Showing posts with label Yardbirds. Show all posts
Showing posts with label Yardbirds. Show all posts

Friday, November 30, 2007

DON'T TREAD ON ME: The Original Punk of 1960s Garage Rock

...with 2 Music Players!




The Roots of GARAGE ROCK



"I heard Papa tell Mama, 'Let that boy boogie woogie/ Coz it's in him, and it's got to come out'!"-John Lee Hooker

Robert Johnson had paved the crossroads for the Blues, between the sacred and the profane; his acolytes hit another intersection, between the acoustic rural past and the electric urban future. After the great exodus from the depleted Southern states to the promise of Chicago, Detroit, and other Rust Belt cities, African Americans faced new paths of possibility or peril (as did their Dustbowl Days peers who went to Golden California). Muddy Waters was the first Blues maestro to go all electric in 1948, arguably creating the first Rock'n'Roll band. On his heels were Howlin' Wolf and John Lee Hooker. It was a tougher, terser metallic blues, coarsened and amplified by the city. And by a divided soul in play. Compare the liberation-in-dance lyric above with Hooker's murderous vibe in his "Mad Man Blues", over jarring chords played like a stabbing: "I'm gonna take you down by the riverside/ Hang you a knot, baby, by your neck/ I got the madman blues". John uses the metaphor of a betrayed love to vent his fury at the racist structure he is struggling in. It's this crossroads that is at the heart of Rock; between ecstasy and agony, between celebration and revolt, between the hereafter and heresy.
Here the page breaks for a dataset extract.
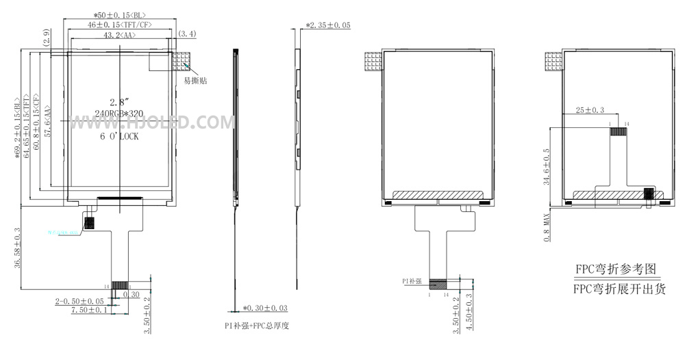 2.8寸TFT LCD模組 SPI接口高亮800cd/㎡,14PIN簡單好設計

American youth, like all, revelled in their frills while questioning their worth. When was a sleek car just a slick scam, when was a dusty old tune actually a raw truth? 50's Rock'n'Roll threaded this maze with every dance step. To the public at large this dance rebellion just looked like juvenile delinquency. But the harder they clamped down, the more kids wanted to be James and Marlon, Jayne and Bettie, a Jet or a Shark...wanted to rumble.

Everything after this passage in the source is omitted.